▶ How to complete this task:
The records below must be copied in full; omit the images.

▶ Dataset entries:
....

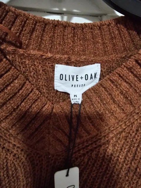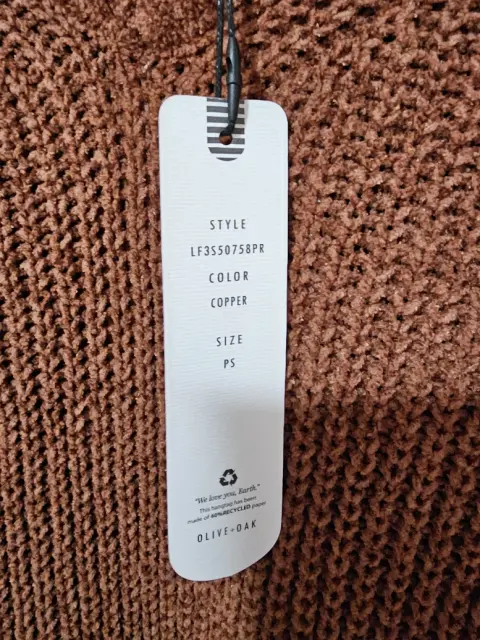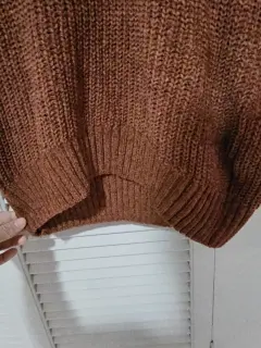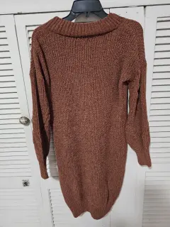 Vestido manga larga tejido, a la rodilla color marrón, cuello en v, queda suelto, la parte de abajo es ligeramente más corto enfrente
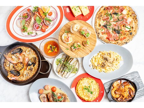 自家製のピザやこだわりのパスタ、スペインのパエリアまで、バリエーション豊かなメニューを開放感抜群のあるダイニングで楽しめるレストラン。
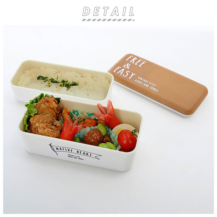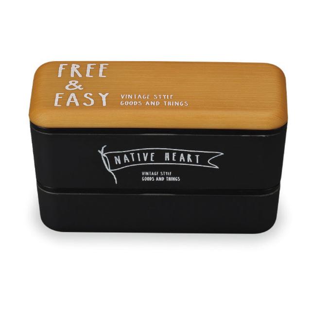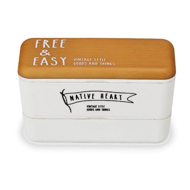 ・木目の上蓋がナチュラルで手書き風の文字がかわいい長角二段ランチボックス。
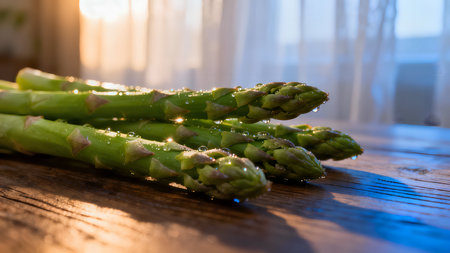 A close-up shot of vibrant green asparagus spears with water droplets, set against a dark, textured background.
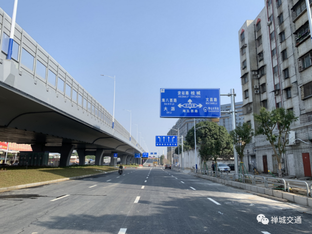 1月23日,禅西大道(塱沙路至张槎路)实现快速化,两个红绿灯已取消,人行天桥已开放通行,极大改善了禅西大道的交通拥堵问题。
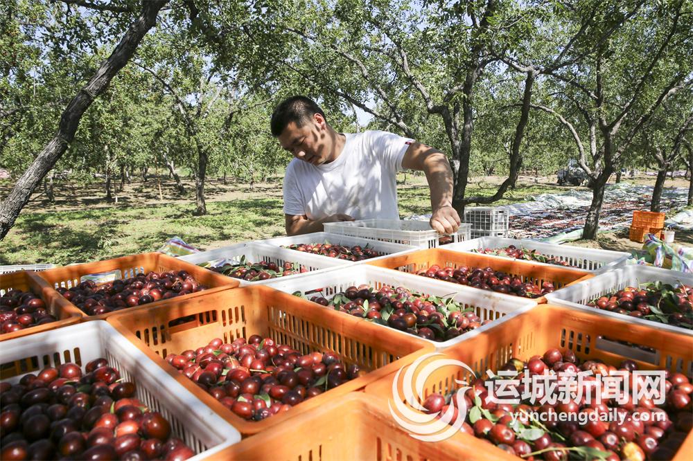 9月25日,稷山縣稷峰鎮(zhèn)姚村、陶梁村的棗園里一派繁忙景象,村民利用晴好天氣緊鑼密鼓地打棗,將一筐筐紅棗拉回家晾曬。 特約攝影 史云平
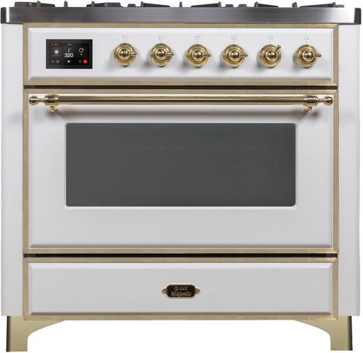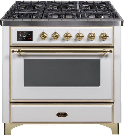 View full detailsILVE Majestic II 36 Inch Dual Fuel Natural Gas Freestanding Range in White with Brass Trim UM096DNS3WHG Please call (800)604-1380 Ext#2 before pla...
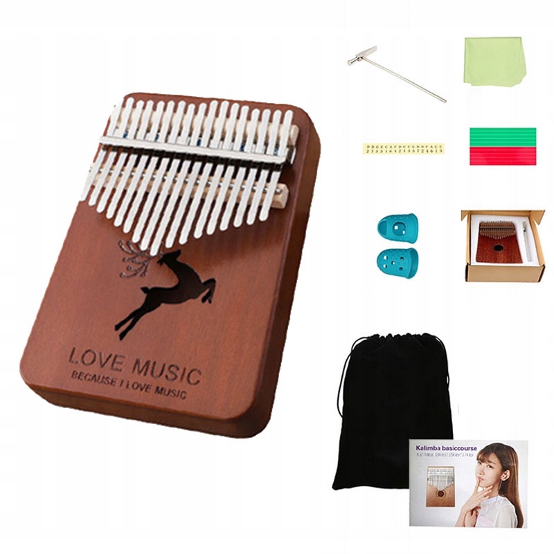 - В комплект входит: Калимба, мешок из волокна, молоток для настройки, накладки на пальцы. наклейки, чистящая салфетка, инструкция, декоративная упаковка.
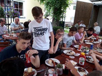 Der Dressensponsor der U15, Michi Rauch, Inhaber des In-Treffs Caligo in Eichgraben, lud „seine“ Burschen zu einem Abschlussfest in sein Lokal. Die Spieler wurden in gemütlichem Ambiente mit Grillspezialitäten verwöhnt. Ein gelungener Abend, für den sich die U15 Mannschaft herzlich bedankt!!!
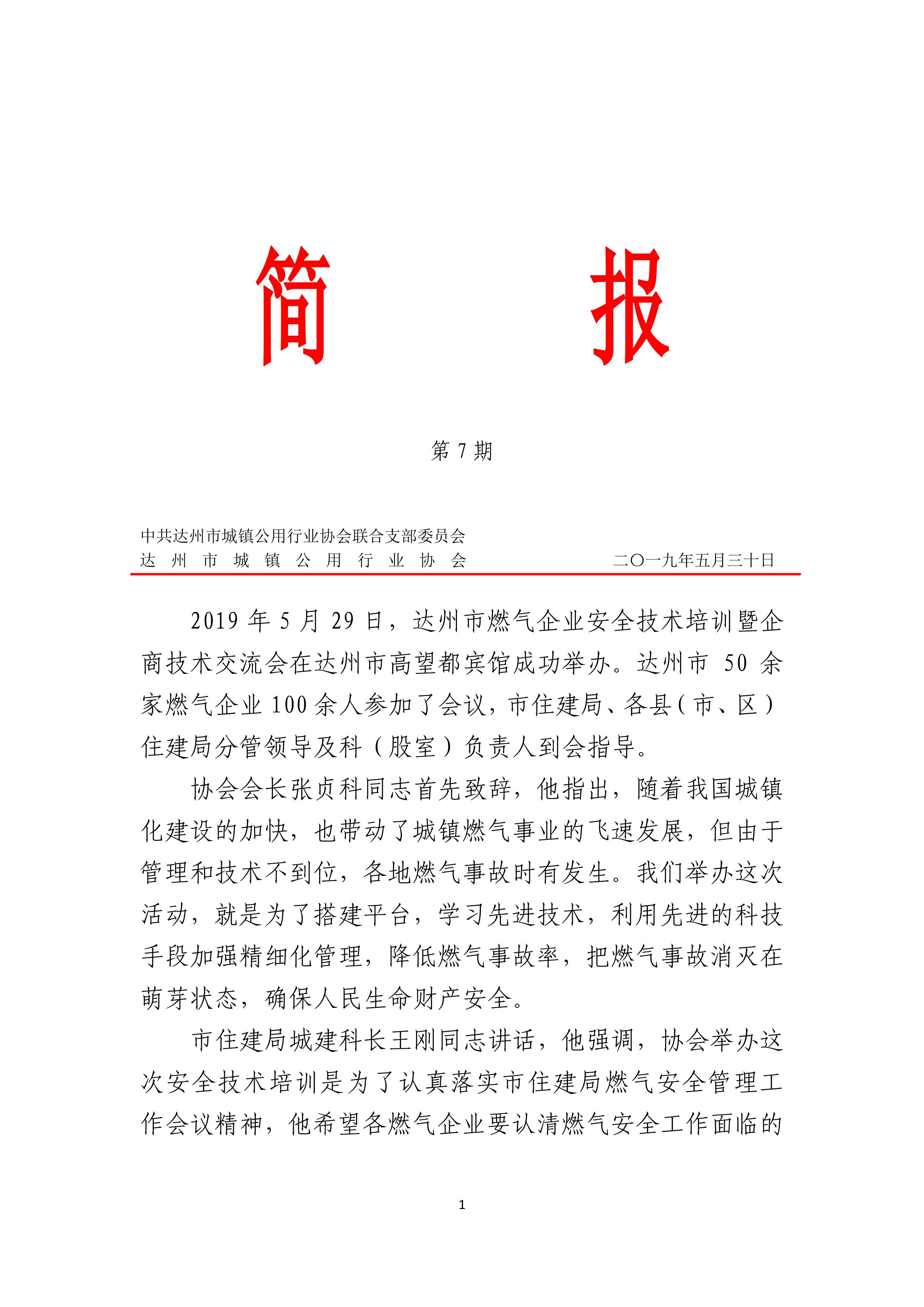 中共達(dá)州市城鎮(zhèn)公用行業(yè)協(xié)會聯(lián)合支部委員會2019年第七期簡報
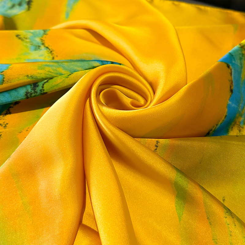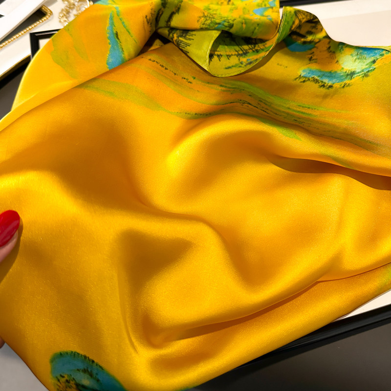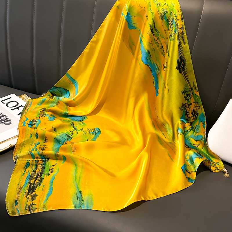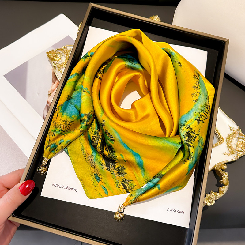 📚 千里江山图磁吸扣三角小方巾丝巾女黄色春秋夏季护颈围脖子围巾70
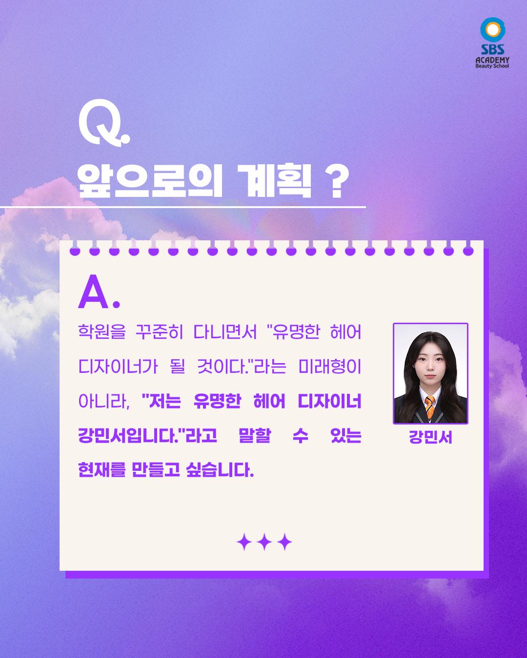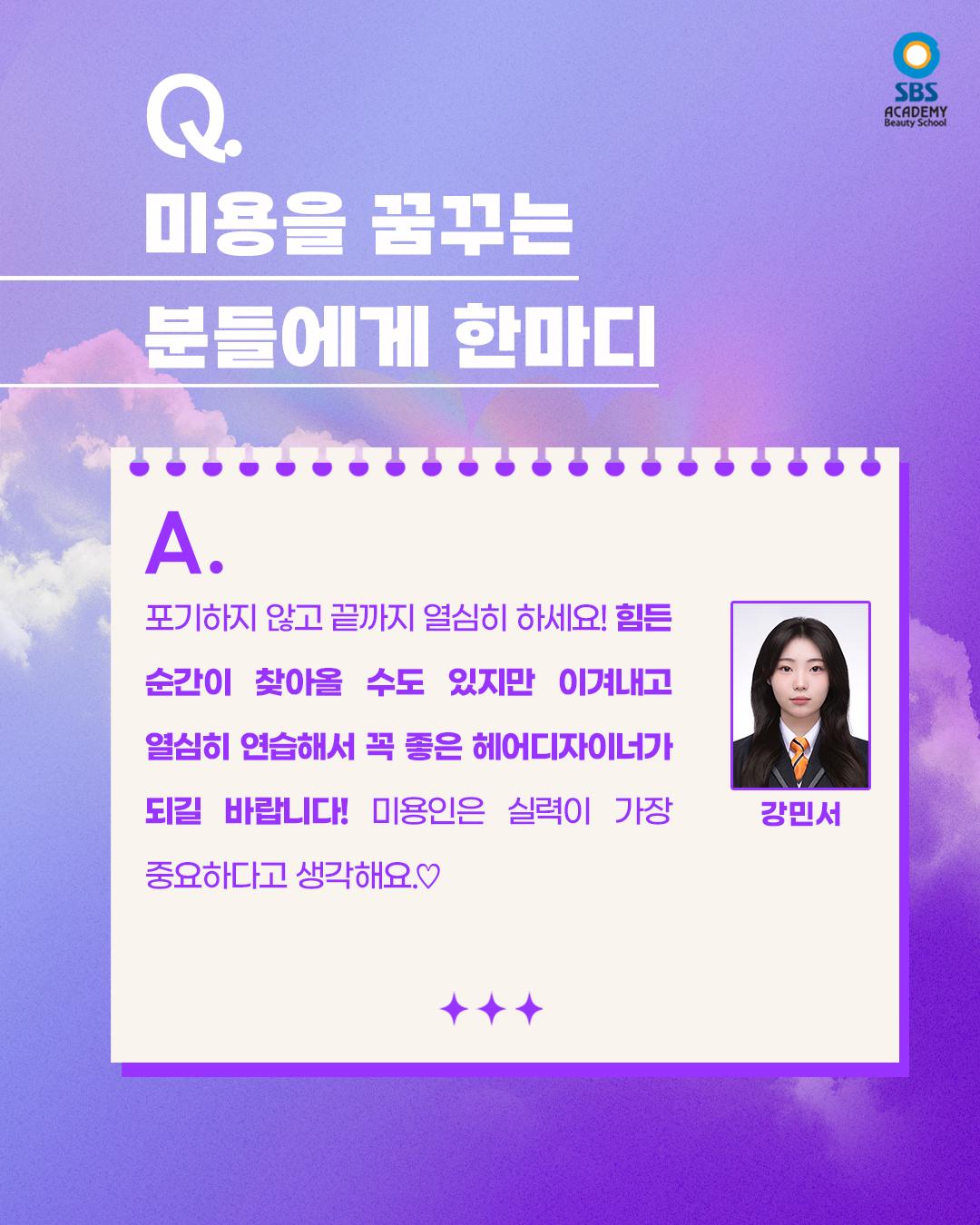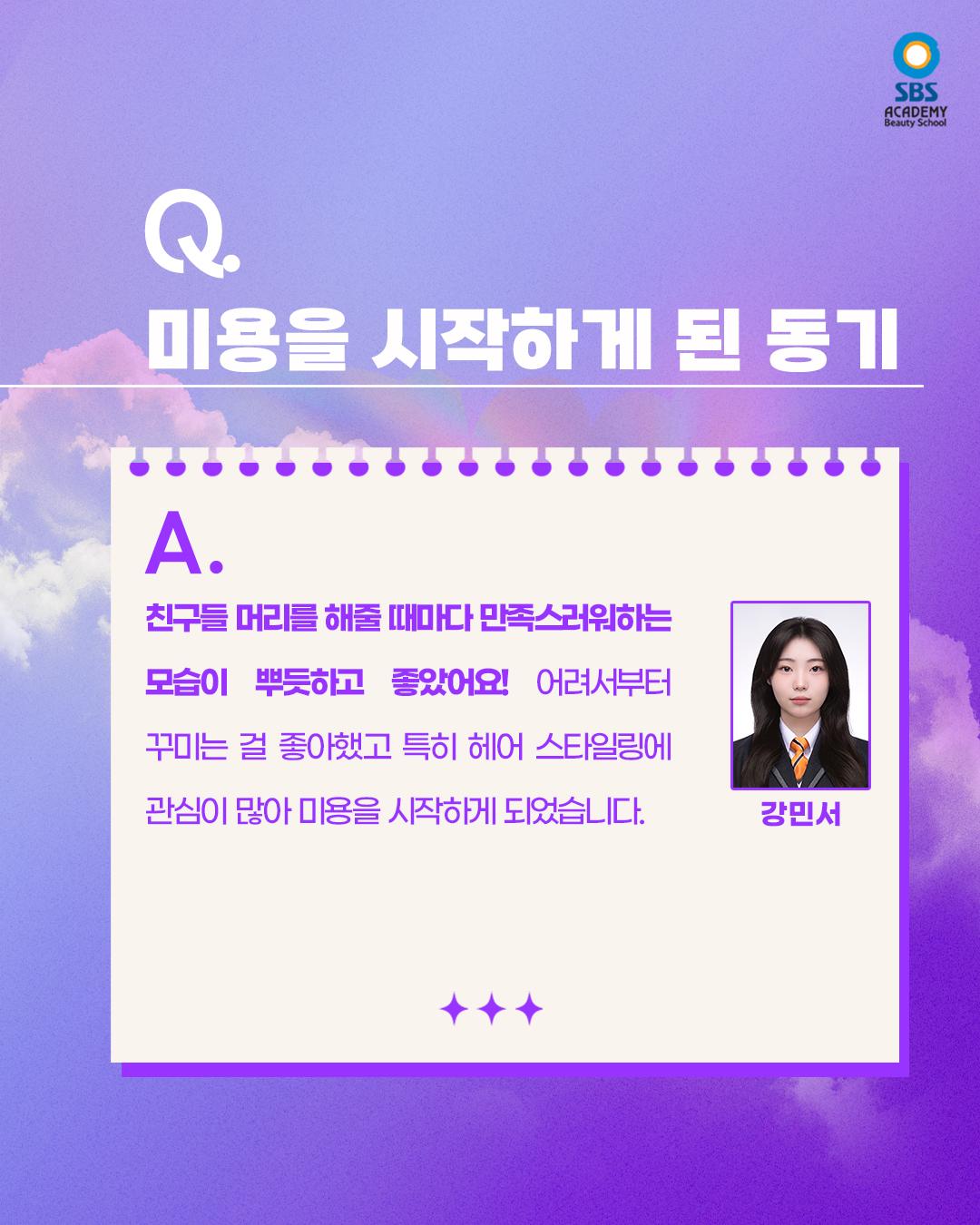 안녕하세요, 구월SBS아카데미미용학원입니다. 현재 구월캠퍼스에 헤어 진학 과정 수강 중인 강민서 수강생의 인터뷰를 가지고 왔습니다! 미용을 시작하게 된 이유부터 학원을 선택하게 된 계기, 그리고 수업을 들으며 느낀 점까지💜 한 명의 수강생이 진로를 만들어가는 과정은 결코 가볍지 않은 선택이기에 더 의미가 있는 것 같아요. 앞으로 자신의 이름을 당당하게 말할 수 있는 유명한 디자이너가 되는 그 날까지 구월캠퍼스와 함께 화이팅해보아요✨ ▶SBS아카데미미용학원 구월/부평/논현/서구/부천/김포/송도지점 수강문의 T. 032-434-0630
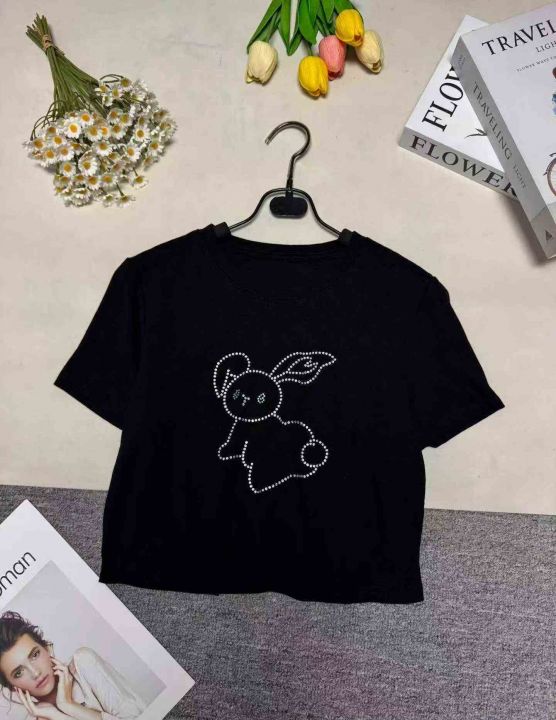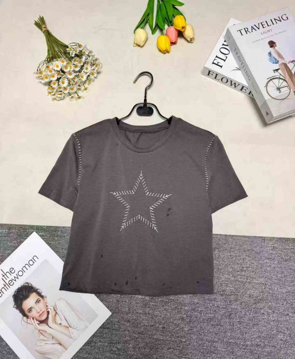 时尚洋气修身显瘦短款辣妹印花短袖T恤,图片款,品质好,工厂原单,5件一包
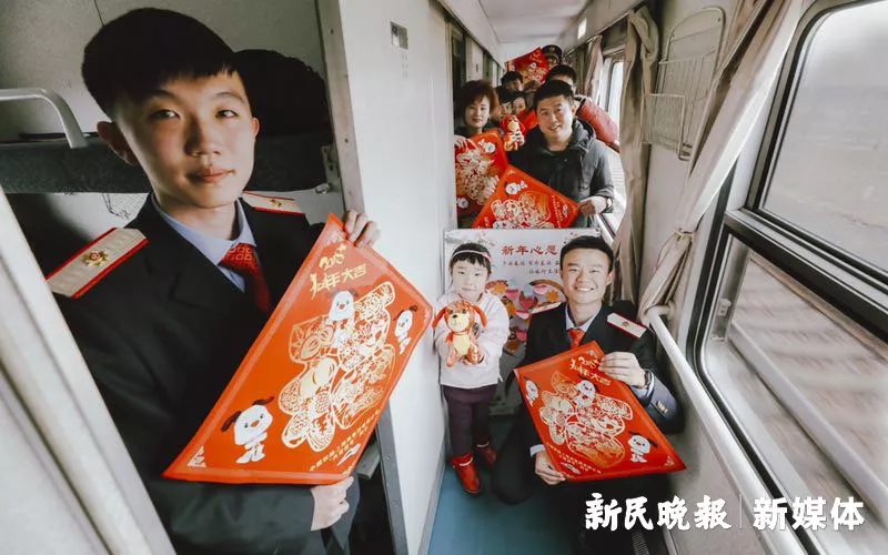整節(jié)車廂的旅客和列車員手拿“福”字合影。

....

▶ Task response:
 Vestido manga larga tejido, a la rodilla color marrón, cuello en v, queda suelto, la parte de abajo es ligeramente más corto enfrente
 自家製のピザやこだわりのパスタ、スペインのパエリアまで、バリエーション豊かなメニューを開放感抜群のあるダイニングで楽しめるレストラン。
 ・木目の上蓋がナチュラルで手書き風の文字がかわいい長角二段ランチボックス。
 A close-up shot of vibrant green asparagus spears with water droplets, set against a dark, textured background.
 1月23日,禅西大道(塱沙路至张槎路)实现快速化,两个红绿灯已取消,人行天桥已开放通行,极大改善了禅西大道的交通拥堵问题。
 9月25日,稷山縣稷峰鎮(zhèn)姚村、陶梁村的棗園里一派繁忙景象,村民利用晴好天氣緊鑼密鼓地打棗,將一筐筐紅棗拉回家晾曬。 特約攝影 史云平
 View full detailsILVE Majestic II 36 Inch Dual Fuel Natural Gas Freestanding Range in White with Brass Trim UM096DNS3WHG Please call (800)604-1380 Ext#2 before pla...
 - В комплект входит: Калимба, мешок из волокна, молоток для настройки, накладки на пальцы. наклейки, чистящая салфетка, инструкция, декоративная упаковка.
 Der Dressensponsor der U15, Michi Rauch, Inhaber des In-Treffs Caligo in Eichgraben, lud „seine“ Burschen zu einem Abschlussfest in sein Lokal. Die Spieler wurden in gemütlichem Ambiente mit Grillspezialitäten verwöhnt. Ein gelungener Abend, für den sich die U15 Mannschaft herzlich bedankt!!!
 中共達(dá)州市城鎮(zhèn)公用行業(yè)協(xié)會聯(lián)合支部委員會2019年第七期簡報
 📚 千里江山图磁吸扣三角小方巾丝巾女黄色春秋夏季护颈围脖子围巾70
 안녕하세요, 구월SBS아카데미미용학원입니다. 현재 구월캠퍼스에 헤어 진학 과정 수강 중인 강민서 수강생의 인터뷰를 가지고 왔습니다! 미용을 시작하게 된 이유부터 학원을 선택하게 된 계기, 그리고 수업을 들으며 느낀 점까지💜 한 명의 수강생이 진로를 만들어가는 과정은 결코 가볍지 않은 선택이기에 더 의미가 있는 것 같아요. 앞으로 자신의 이름을 당당하게 말할 수 있는 유명한 디자이너가 되는 그 날까지 구월캠퍼스와 함께 화이팅해보아요✨ ▶SBS아카데미미용학원 구월/부평/논현/서구/부천/김포/송도지점 수강문의 T. 032-434-0630
 时尚洋气修身显瘦短款辣妹印花短袖T恤,图片款,品质好,工厂原单,5件一包
整節(jié)車廂的旅客和列車員手拿“福”字合影。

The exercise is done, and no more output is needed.